C. Graph. Traffic flow of DYNASMART results on I–290 E for three plowing strategies with severe capacity reduction scenario.

Graph's x-axis shows time from 0:00 on November 26 to 0:00 on November 27, and y-axis shows flow in vehicles per minute from 0 to 180. Three curves plotted show do nothing, predefined route, and optimized route. Graph C plots traffic speed of DYNASMART results on Interstate 290 E for three plowing strategies with severe capacity reduction scenario. The do nothing curve increases to 10 vehicles per minute at 1:00, increases to 20 vehicles per minute at 6:00, then decreases to 0 vehicles per minute at 9:00 and remains at this level until 0:00 November 27. The pre-defined and optimized route curves are coincident over the graph. These curves increase to 10 vehicles per minute at 1:00, increase to 70 vehicles per minute at 7:00, then decreases and remain at about 40 vehicles per minute from 9:00 to 22:00, with variations of plus or minus about 10 vehicles per minute over this range and decrease to 0 vehicles per minute at 0:00 November 27.
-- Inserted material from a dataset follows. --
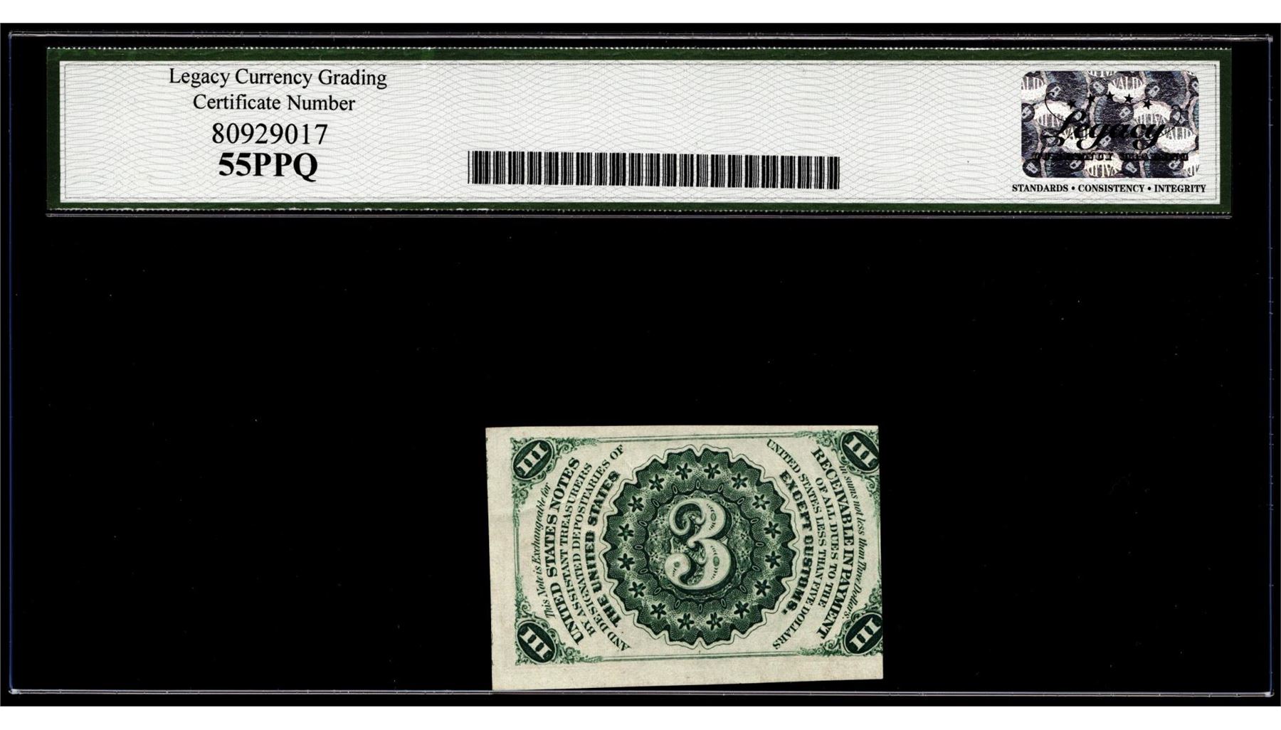 One Third Issue 3 Cents Fractional Currency Note Fr.1226 Legacy Choice About New 55PPQ. Legacy Graded.

Graph's x-axis shows time from 0:00 on November 26 to 0:00 on November 27, and y-axis shows flow in vehicles per minute from 0 to 180...
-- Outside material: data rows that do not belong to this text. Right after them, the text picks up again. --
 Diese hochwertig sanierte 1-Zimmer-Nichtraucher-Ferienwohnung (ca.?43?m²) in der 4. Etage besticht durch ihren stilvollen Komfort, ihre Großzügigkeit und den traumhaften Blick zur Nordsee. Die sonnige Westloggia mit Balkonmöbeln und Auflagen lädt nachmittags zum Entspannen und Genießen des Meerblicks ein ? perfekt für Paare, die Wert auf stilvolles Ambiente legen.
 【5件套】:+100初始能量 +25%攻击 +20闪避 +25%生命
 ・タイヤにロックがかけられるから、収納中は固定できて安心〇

D. Graph. Traffic flow of DYNASMART results on I–290 E for three plowing strategies with moderate capacity reduction scenario.
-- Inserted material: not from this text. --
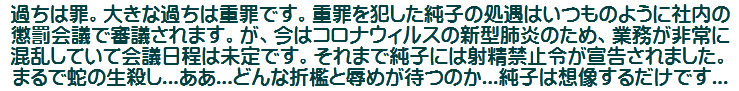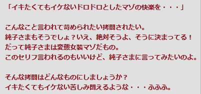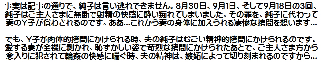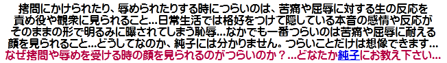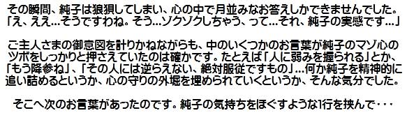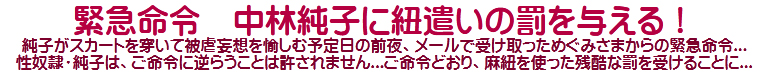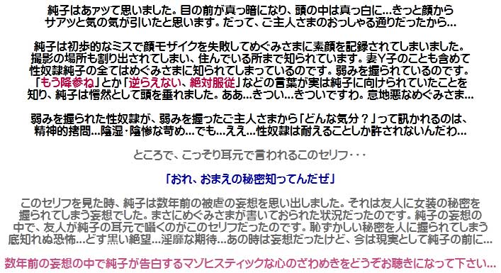 .ああ...純子は思い違いをしておりました。ごめんなさい、ご主人さま...どうぞお許し下さいませ。純子は謹んで罰をお受けいたしますわ...

Graph's x-axis shows time from 0:00 on November 26 to 0:00 on November 27, and y-axis shows flow in vehicles per minute from 0 to 180. Three curves plotted show do nothing, predefined route, and optimized route. Graph D plots traffic speed of DYNASMART results on Interstate 290 E for three plowing strategies with moderate capacity reduction scenario. The do nothing curve and the pre-defined and optimized route curves are coincident over the graph, although there are minor variations for the do nothing curve. These curves increase to 10 vehicles per minute at 1:00, increase to 60 vehicles per minute at 7:00, but the do nothing curve increases only to 50 at this time. Then the curves decrease to 35 vehicles per minute at 10:30, increase to 50 vehicles per minute at 11:00, then slowly decrease to 40 vehicles per minute until 22:00, with variations of plus or minus about 5 to 10 vehicles per minute over this range. The curves then decrease to 10 vehicles per minute at 0:00 November 27.

I–90 N = Interstate 90 North. I–290 E = Interstate 290 East. Nov = November. veh/min = vehicle per minute.
Source: FHWA.
Figure 21. Graphs. Traffic speed of DYNASMART simulation results for three plowing strategies.